Abstract
During the past decade, broadcasting has been challenged by OTT services, offering a more personalized and flexible way of experiencing the content. The on-demand features paved the way for new media delivery paradigms, replacing traditional MPEG-TS stream-based approach by file-based IP protocols. With those new protocols came new ways of monetizing the content. While traditional TV leveraged advertisements to increase broadcasters' revenues for decades, it has never approached the level of personalization offered by OTT, until the release of ATSC-3.0 [8] and its IP stack in 2016. However, OTT services have some drawbacks compared to broadcasting: video quality, latency, and scaling capabilities when millions of viewers want to access a content at the same time. In this paper, we describe how the several recent technologies can be exploited to address these drawbacks. An end-to-end chain is also demonstrated, bringing significant improvement over existing approaches in terms of bandwidth, latency and experience.
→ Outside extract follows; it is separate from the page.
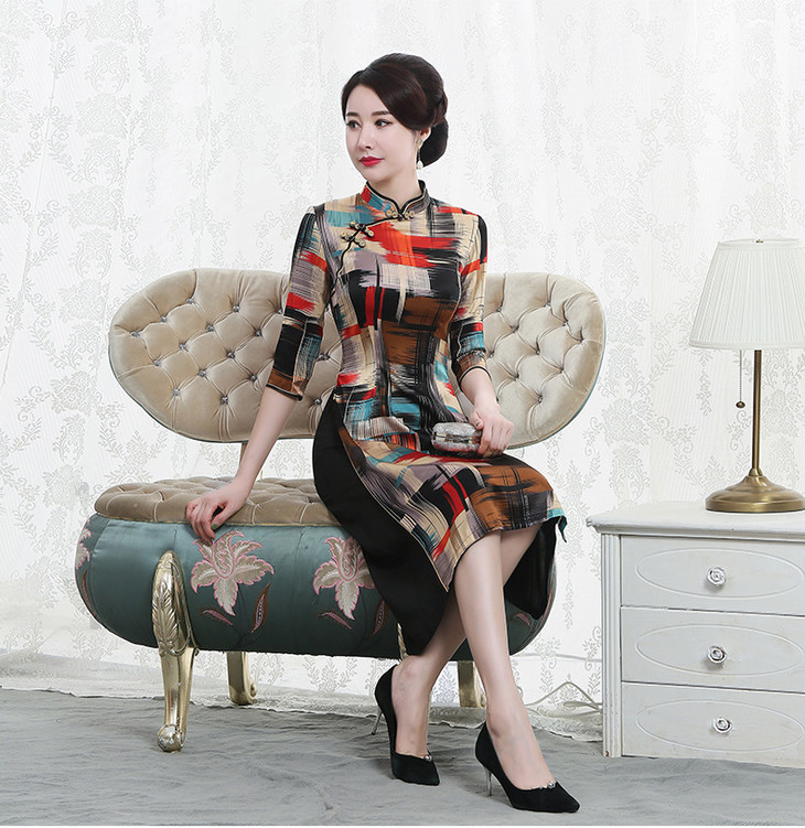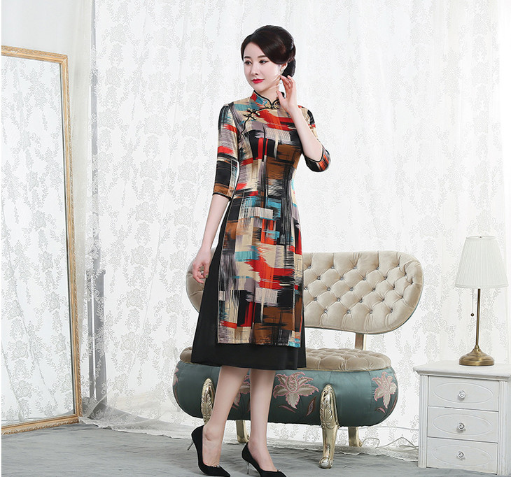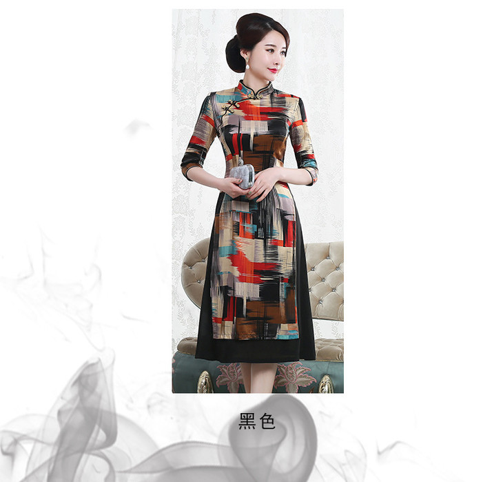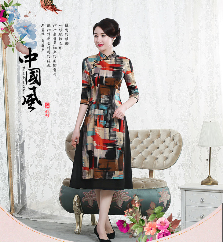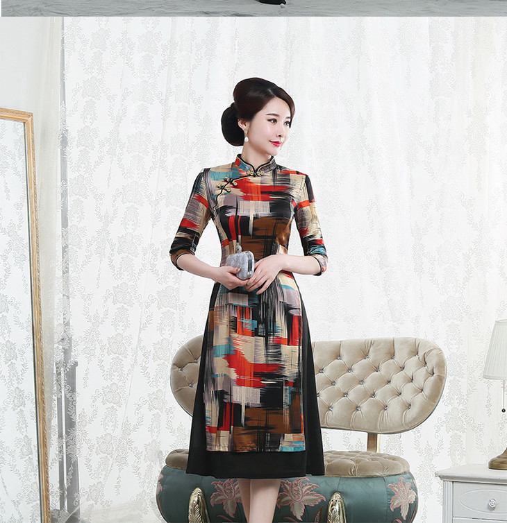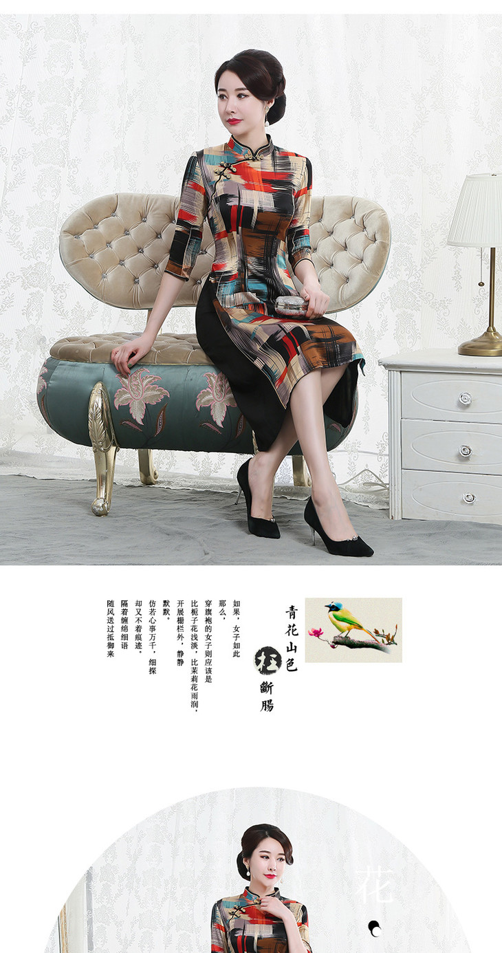 HYX-6366时尚修身改良复古风奥黛真丝旗袍

The Versatile Video Coding (VVC) [1] standard has been released in mid-2020 by ISO/IEC MPEG and ITU-T VCEG. VVC has been designed to address a wide range of applications and video formats, while providing a substantial bandwidth saving (around 50%), compared to its predecessor, High Efficiency Video Coding (HEVC) [10], at an equivalent perceived video quality [12]. In this paper, VVC is used to reduce the bandwidth occupied by video over the network, which is a key issue in 2021, knowing that more than 80% of the internet traffic is used to deliver video content [2]. A live software implementation of VVC provided by ATEME is used in the headend before packaging and distribution, producing ISO/IEC Base Media File Format (ISOBMFF) output files [6].
The Common Media Application Format in its Low-Latency profile (CMAF-LL) is then used to deliver the video [7], leveraging HTTP chunk transfer encoding to deliver Low-Latency DASH (LL-DASH) [3]. To further reduce the bandwidth, the DASH-ROUTE server is leveraged to deliver multicast instead of redundant unicast sessions [11]. The ATEME packager, origin server and DASH-ROUTE multicast server are used for that purpose. Combined with VVC efficient source-coding, this paper provides a bandwidth efficient and low-latency manner of delivering OTT services at scale.
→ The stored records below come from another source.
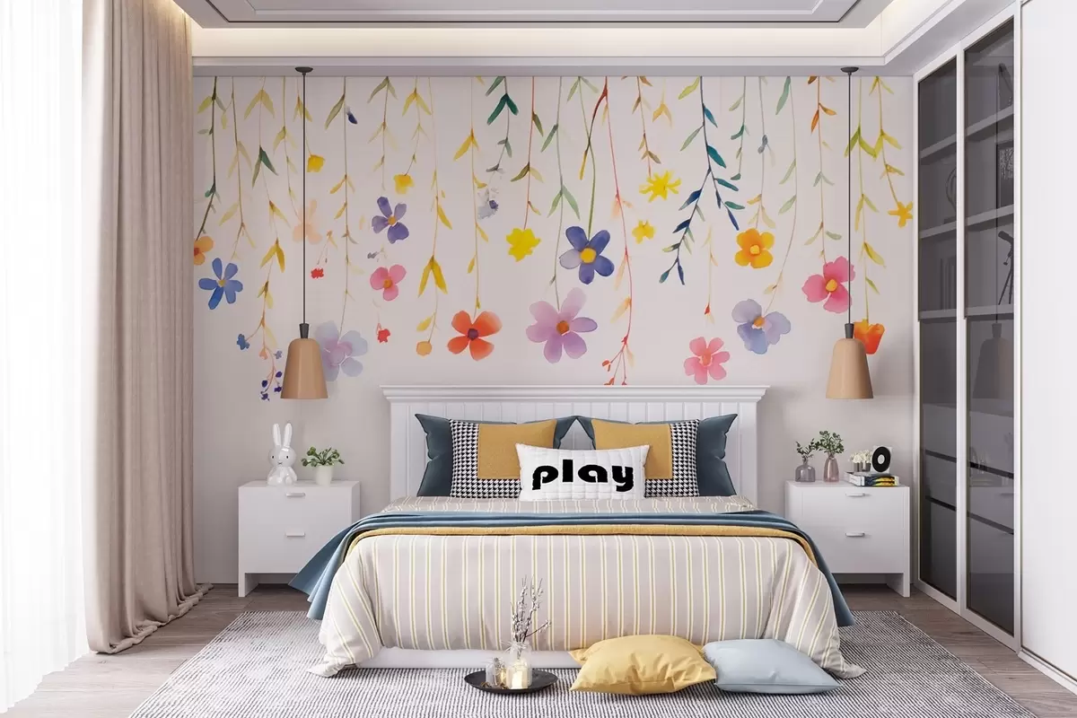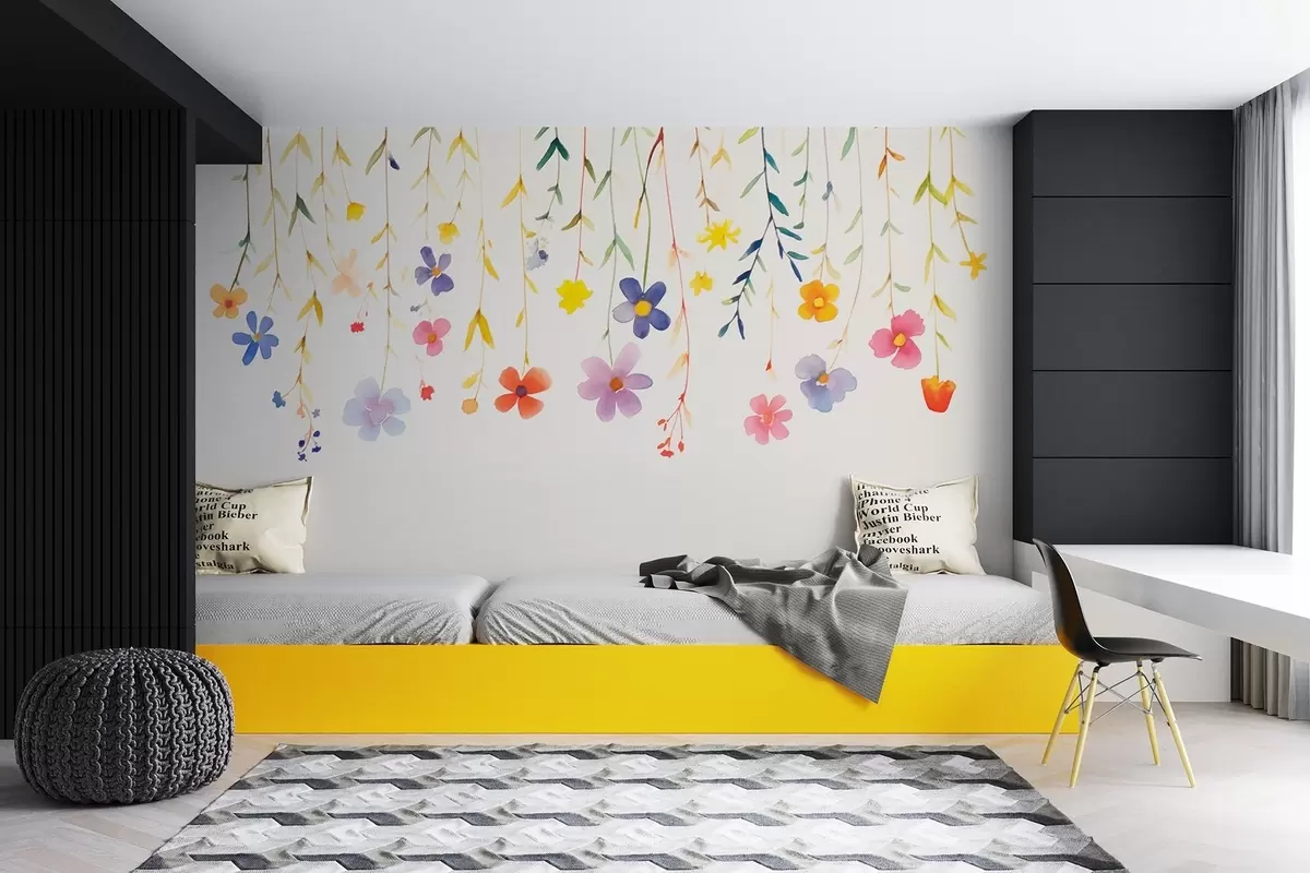 Valokuvatapetti Luonnonkukkia vesivärityyliin, yksinkertaisia ja värikkäitä Nr w08851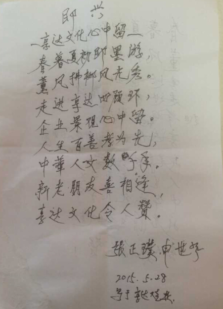 年过八旬的张大爷现场作诗一首赞美亨达孝亲文化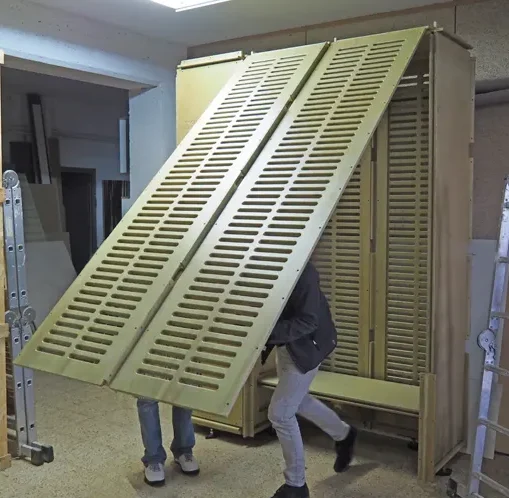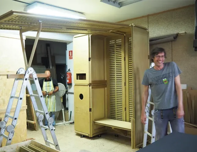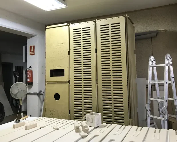 Propusimos el montaje en seco con espigas de madera sin la ayuda de tornillos para agilizar la tarea. La madera escogida es tablero de chopo nacional tratado en autoclave por su alta durabilidad y resistencia a la intemperie. Sostenible, ligero y local.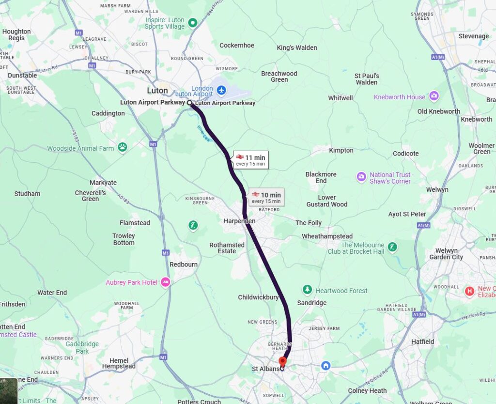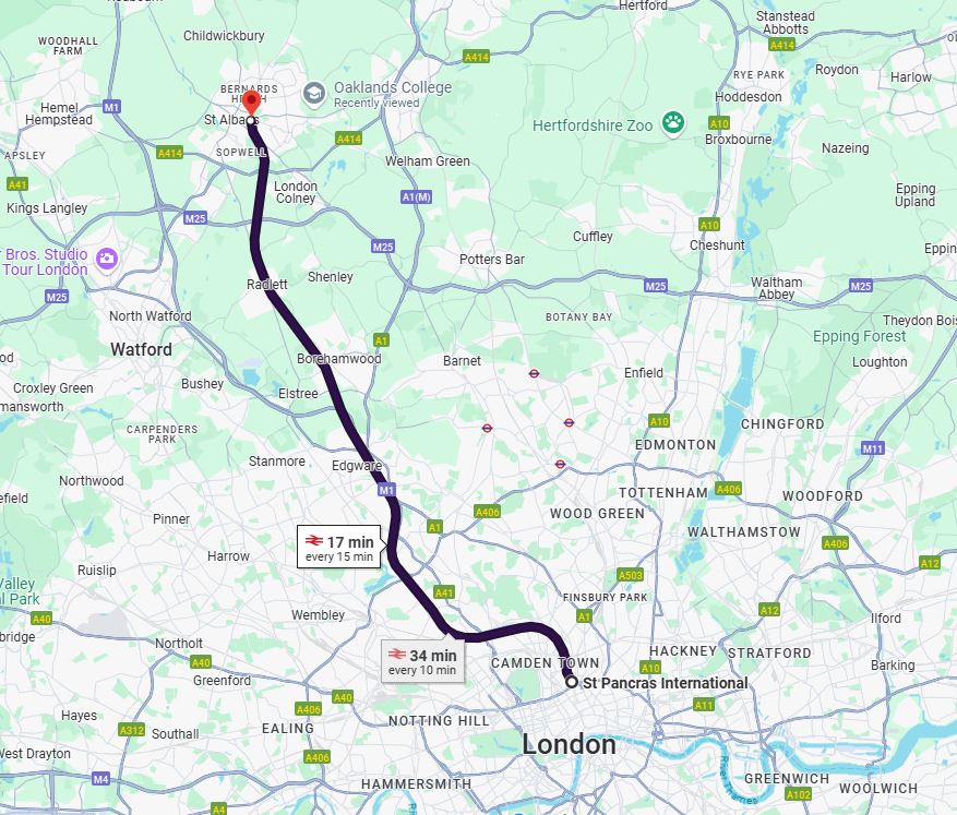 St Albans Train Station has direct links to Kings Cross and Luton Airport and takes roughly 17 minutes (fast train) from London

This paper adopts multi-period DASH manifests for ad insertion using XLink to signal ad-server URL. Typical streams coming from broadcasting studios, embedding SCTE-35 splicing event are used as input and interpreted by ATEME pre-processing engine to trigger the ad-insertion and multi-period events in the DASH manifest. The ad-server is then provisioned with VVC-encoded ad-clip for reducing the CDN cost of those files. To demonstrate such advanced features, the GPAC Framework [9] is used with real-time VVC software decoder [4, 5]. The multicast gateway and player from GPAC embeds the real-time decoder libraries to demonstrate both the ROUTE demuxing and ad-replacement within the player.
The benefits of using VVC and ROUTE has been measured. It is verified that the proposed solution enables similar latency as typical terrestrial broadcast services with a high-level of quality providing around 3 seconds glass-to-glass latency leveraging CMAF with HTTP chunk transfer encoding. An accurate description of encoding, packaging and delivery setting will be presented in the poster. Finally, the interoperability is demonstrated by integrating it with other CDN-providers and devices.
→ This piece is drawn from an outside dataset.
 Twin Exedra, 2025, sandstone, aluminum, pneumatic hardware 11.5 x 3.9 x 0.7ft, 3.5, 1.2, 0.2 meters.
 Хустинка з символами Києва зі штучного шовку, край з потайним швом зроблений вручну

In summary, this paper describes implementation and demonstration of a state-of-the-art complete end-to-end and transmission chain for OTT, That aims to address well-known OTT drawbacks, such as latency and scaling capability, by combining the VVC, CMAF-LL and DASH-ROUTE. The proposed solution demonstrates significant benefits in terms of latency reduction, bandwidth saving and network traffic reduction, while enabling flexible and customized ad-insertion solutions for live OTT services. The interoperability of the proposed components is also demonstrated by integrating the chain with 3rd party CDN-providers and integrating it within broadcast environment. As a result, this paper shows the good degree of maturity of emerging technologies such as VVC, when combined with CMAF and ROUTE.